Tutorial - Computing the relative risk of observing identical pathogen sequences


This repository contains a tutorial describing the different steps to compute the relative risk of observing identical sequences between two groups. Compared with the repository associated with the preprint where we introduce the method, this is modified to be able to accomodate very large sequencing datasets. To do so, the strategy has been to use pairsnp to compute the pairwise distance matrix and using tsv-utils to directly analyse tsv files without requiring to open them within R (where file loading can become unnecessarily long for larger files).

Setup & installation

We use conda to define an environment containing all the required depencencies. We can then use conda to install the required dependencies.
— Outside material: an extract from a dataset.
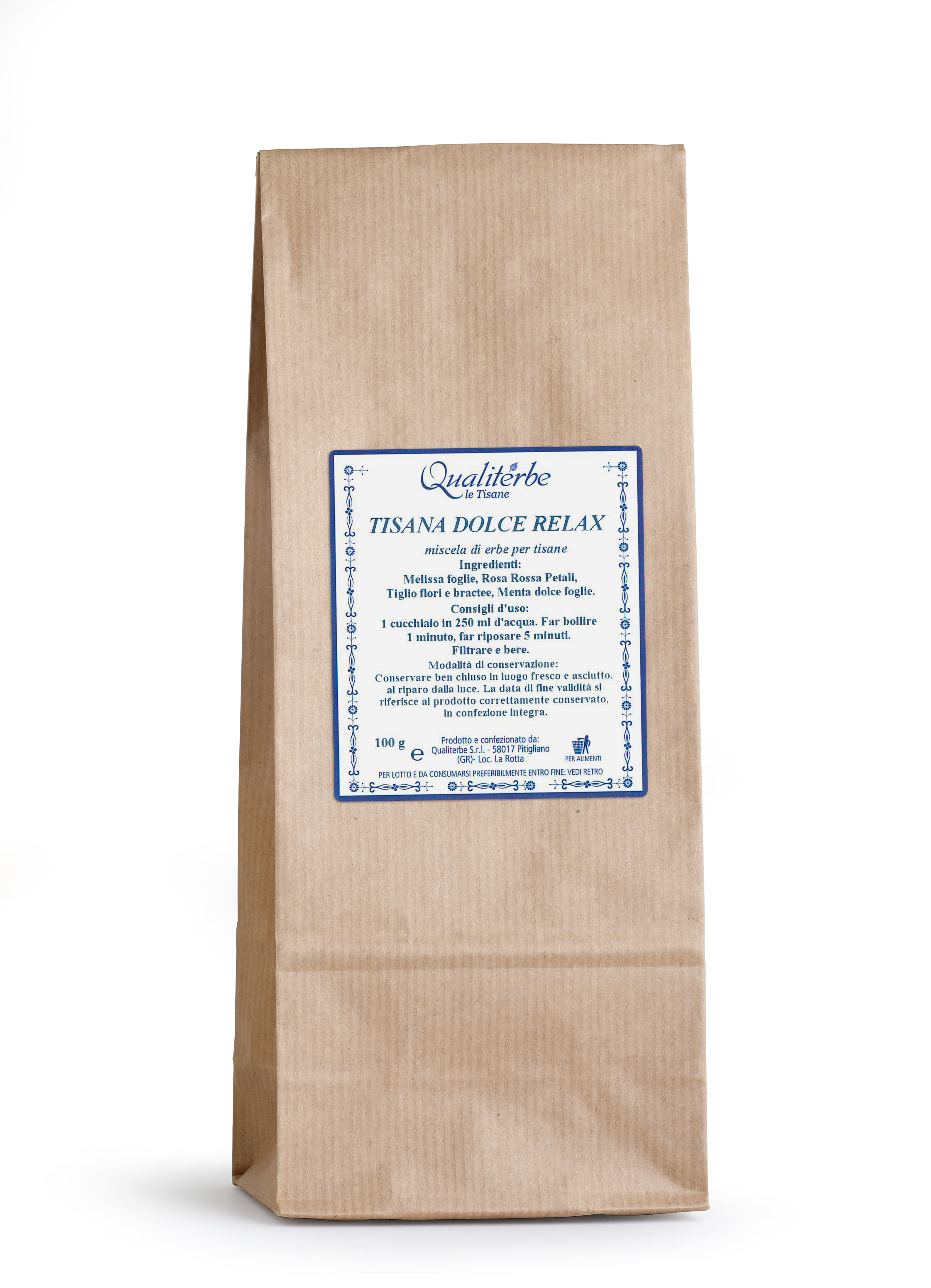 Una confezione da 100 g di Tisana Dolce Relax.

The environment can be created and activated using the following commands:

# Install
conda env create -f envs/idseq.yaml
# Activate
source activate idseq

If needed, the environment can be deactivated / deleted using the following command:

# Deactivate 
conda deactivate
# Remove
conda env remove --name idseq

Performing analyses

1. Computing pairwise distance matrices within a fasta file

pairsnp can be used to compute a pairwise distance matrix from aligned sequences

# Creating header in the output file
echo "strain_1\tstrain_2\tn_mutations" > "results/df_genetic_distance.tsv"
# Generating pairwise distance matrix
pairsnp -s "data/synthetic-fasta.fasta" >> "results/df_genetic_distance.tsv"

2. Downsampling the distance matrix only to pairs of identical sequences

tsv-filter can be used to only keep pairs of sequences that are identical.

tsv-filter -H --eq n_mutations:0 "results/df_genetic_distance.tsv" > "results/df_pairs_id_seq.tsv"

Another option would have been to directly add the flag -t 0 in the pairsnp command to only save pairs of sequences that are identical.

3. Matching metadata to pairs of identical sequences

append_metadata_field.R uses tsv-join to add metadata fields to a dataframe with pairs of identical sequences. The metadata file needs to contain a column called strain. Metadata fields to be appended to the dataframe with the list of pairs of identical sequences can be indicated by the --metadata_field flag. A metadata column named field will be indicated in the dataframe of pairs of identical sequences using the columns field_1 and field_2 to indicate the corresponding values for strain_1 and strain_2.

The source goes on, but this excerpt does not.